Started by mroess, August 22, 2024, 08:42:18 AM

Previous topic - Next topic
I am willing to test it.

ZFS: yes
HW: Baracuda 220a (Intel Atom based d525)
Age: Based on CPU 10-12 years (Barracuda says it was sold new until 2016)
VM: No.
Kernel or corepackage: default


August 23, 2024, 01:44:43 PM #31 Last Edit: August 23, 2024, 01:46:52 PM by waxhead
I just want to "join the club" as well. I too got an kernel panic after upgrading to 24.7.2


panic: page fault
cpuid = 0
time = 1724410401
KDB: stack backtrace:
db_trace_self_wrapper() at db_trace_self_wrapper+0x2b/frame 0xfffffe0064e3e818
vpanic() at vpanic+0x131/frame 0xfffffe0064e3e940
panic() at panic+0x43/frame 0xfffffe0064e3e9a0
trap_fatal() at trap_fatal+0x48b/frame 0xfffffe0064e3ea00 trap_pfault() at trap_pfault+0x46/frame 0xfffffe0064e3ea50
calltrap() at calltrap+0x8/frame 0xfffffe0064e3ea50
trap 0xc, rip = 0xffffffff804d7de7, rsp = 0xfffffe0064e3eb20, rbp = 0xfffffe0064e3eb40
agp_close() at agp_close+0x57/frame 0xfffffe0064e3eb40 giant_close() at giant_close+0x68/frame Bxfffffe0064e3eb98
devfs_close() at devfs_close+0x4b3/frame 0xfffffe0064e3ec00
VOP_CLOSE_APV() at VOP_CLOSE_APV+0x1d/frame 0xfffffe0064e3ec20
vn_close1() at vn_close1+0x14c/frame 0xfffffe0064e3ec90
vn_closefile() at vn_closefile+0x3d/frame 0xfffffe0064e3ece0
devfs_close_f() at devfs_close_f+0x2a/frame 0xfffffe0064e3ed18
_fdrop() at_fdrop+0x11/frame Bxfffffe0064e3ed30
closef() at closef+0x24a/frame 0xfffffe0064e3edco
closefp_impl() at closefp_imp1+0x58/frame 0xfffffe0064e3ee00 amd64_syscall() at amd64_syscall+0x100/frame 0xfffffe0064e3ef30
fast_syscall_common() at fast_syscall_common+Bxf8/frame 0xfffffe0064e3ef30
syscall (6, FreeBSD ELF64, close), rip = 0x3843e84152ba, rsp = 0x3843f837fd8
18 , rbp = 0x3843f837fda0
KDB: enter: panic
[ thread pid 31 tid 100232 ]
Stopped at
kdb_enter+8x33: movq $0,0xfd9962(%rip)
NEC
db>


This on a real physical box with a Intel Core Duo CPU E6400 at 2.13Ghz with 2GB RAM. I have never had any kernel panic on this system before.

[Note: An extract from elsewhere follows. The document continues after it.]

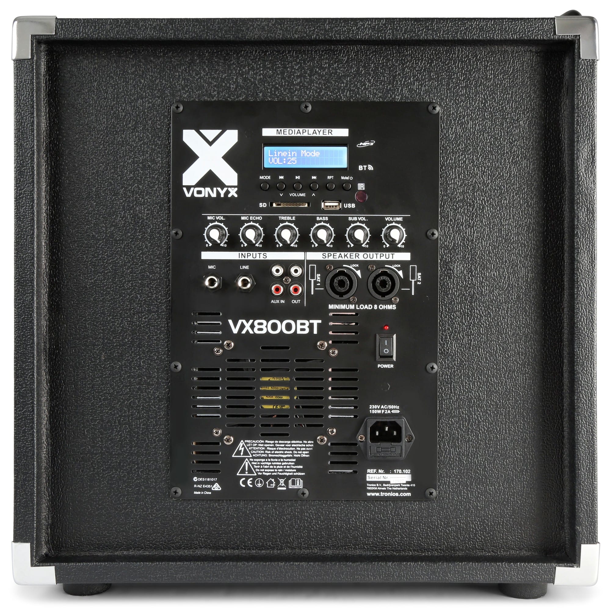 Le set d'enceintes actives VX800BT 2.1 est facile à installer et à transporter. Il comprend un subwoofer 12" et deux enceintes 8" avec un moteur dynamique 1". Le récepteur BT intégré vous permet facilement de streamer votre musique depuis votre Smartphone, ou vous pouvez utiliser le lecteur MP3 intégré avec port USB et insert SD. Ce système actif est parfait pour les DJs mobiles, les karaokés, show, présentations.

Luckily I just replaced some drives in that box so I reverted to OPNsense 24.7_9-amd64 / FreeBSD 14.1-RELEASE-p2, OpenSSL 3.0.14 which is running happily. Once I changed back to the new drives again I get the kernel panic.

I suggest that you pull this "upgrade" before more people are getting bit by this bug. Best of luck finding it.

Quote from: waxhead on August 23, 2024, 01:44:43 PM
I suggest that you pull this "upgrade" before more people are getting bit by this bug. Best of luck finding it.

I suggest we all agree to find the actual cause first instead of giving blank 20-20 advice.


Thanks,
Franco

Which image types are you guys using here.. DVD or VGA?


Cheers,
Franco

I am using dvd  (iso image for DVD+R)

Quote from: franco on August 23, 2024, 02:18:18 PM
Which image types are you guys using here.. DVD or VGA?


Cheers,
Franco

Quote from: franco on August 23, 2024, 01:20:33 PM
I've been thinking how to approach this. Would someone care to test two images of 24.7.2 -- one with the actual 24.7.2 state and one with the environment var commit reverted?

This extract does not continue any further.